Table of Contents
This document describes the different dependency types of cinit.
Each service may have two types (non-exclusive) types of dependencies:
The so called needs
or wants
. These are directories below the service
directory and contain symbolic links to the dependencies.
The name of the link can be freely chosen.
An example:
The service /etc/cinit/svc/getty/2 needs the service /etc/cinit/svc/local-tuning/keyboard-layout:
[21:35] hydrogenium:needs# cd /etc/cinit/svc/getty/2/needs [21:35] hydrogenium:needs# ls -l insgesamt 0 lrwxrwxrwx 1 root root 37 2006-10-26 17:51 keyboard-layout -> ../../../local-tuning/keyboard-layout [21:35] hydrogenium:needs# cd keyboard-layout/ [21:35] hydrogenium:keyboard-layout# pwd -P /etc/cinit/svc/local-tuning/keyboard-layout
(Warning: This is an incomplete example, it misses at least mount/root
as dependency)
This service could additionally want something else, too. It is also
possible that a service only wants
another service or that a service
has no dependencies.
cinit does not care whether a link is relative or absolute. And as far as I can see it does not make any difference to usability.

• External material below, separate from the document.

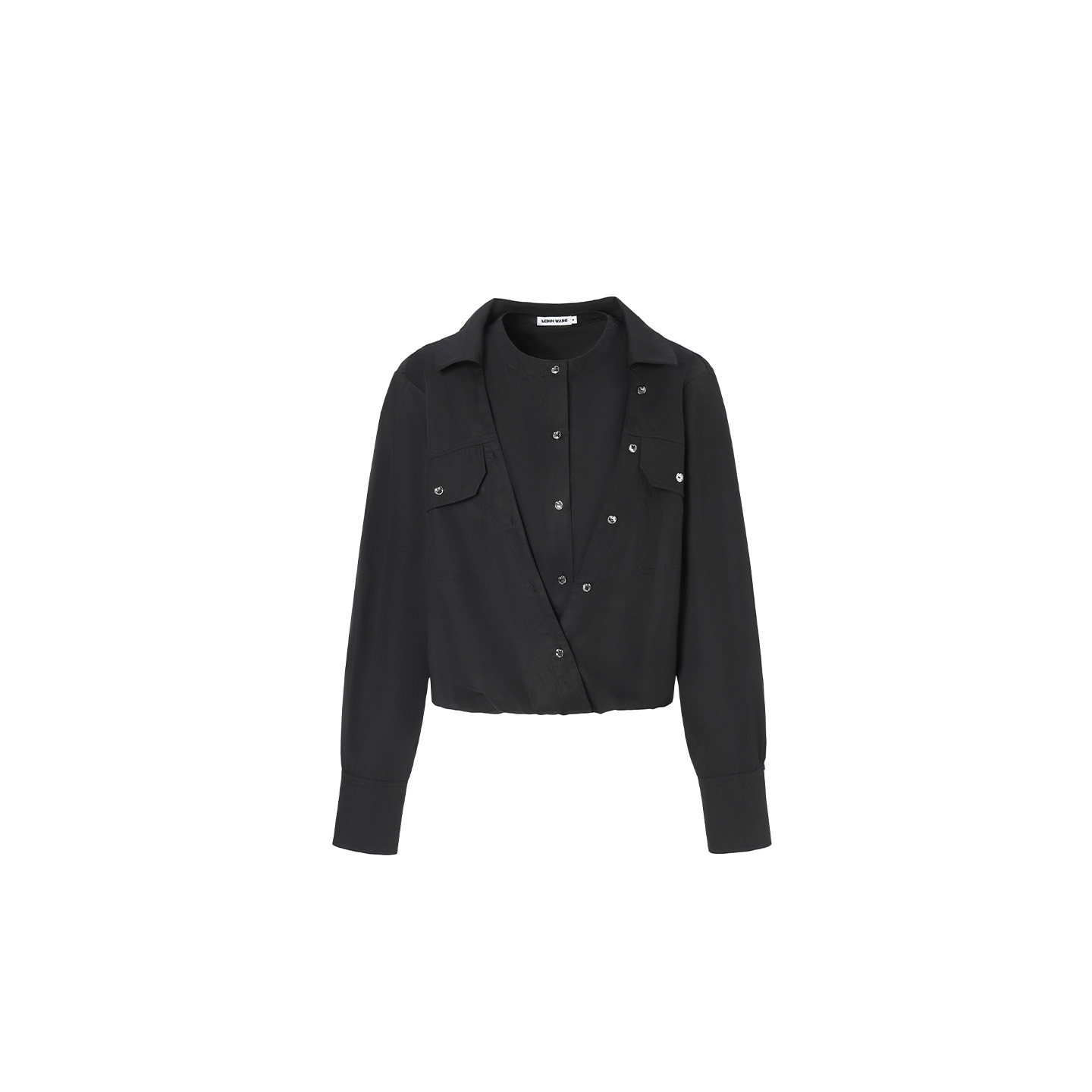 天猫LEDIM WANG黑标/知识分子花苞假两件黑色衬衫女2025秋季新款衬衣
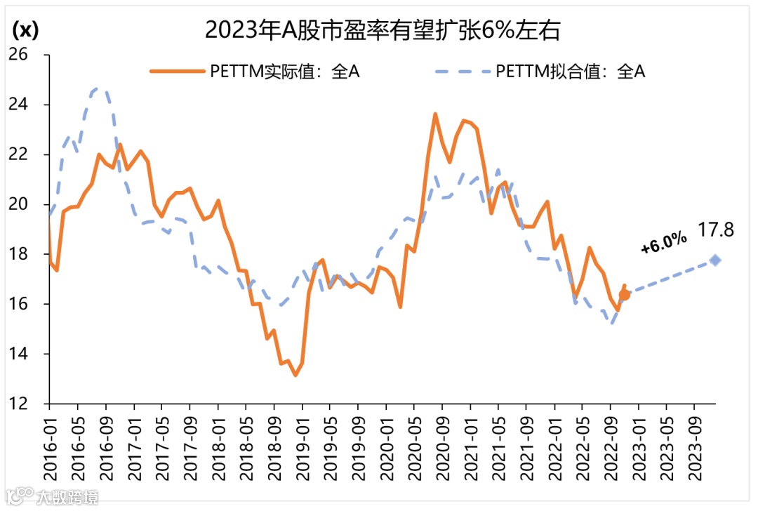 当前,经济降速期已过,市场对经济体感或边际改善。2012年GDP增速首次破8,此后进入6-8%区间,中国银行研究院预测2022年增速将从5-6%区间降到3%左右,所以实体经济感受和市场表现都存在一定落差。在经历了2022年的降速之后,2023年经济“底部企稳”。2020年疫情冲击之后,中国经济率先复苏提振了对于中国经济的信心。而2022年在疫情再次超预期、地缘冲突、地产风险等多重问题的冲击下,经济降速对于市场信心的冲击较大。预计到2023年,考虑到低基数的效应,即使以2019年Q4弱经济的环比推算,未来的GDP同比也将企稳改善,市场对经济体感或边际改善。

In general, it seems to be a little bit easier to use relative links when manually configuring cinit (ln -s ../../../service versus ln -s /etc/cinit/svc/category/service), but easier readable when analysing them (with `ls -l').
Needs
are the hard dependencies: If a services fails to start that
is linked in the needs
directory, the service will not be started.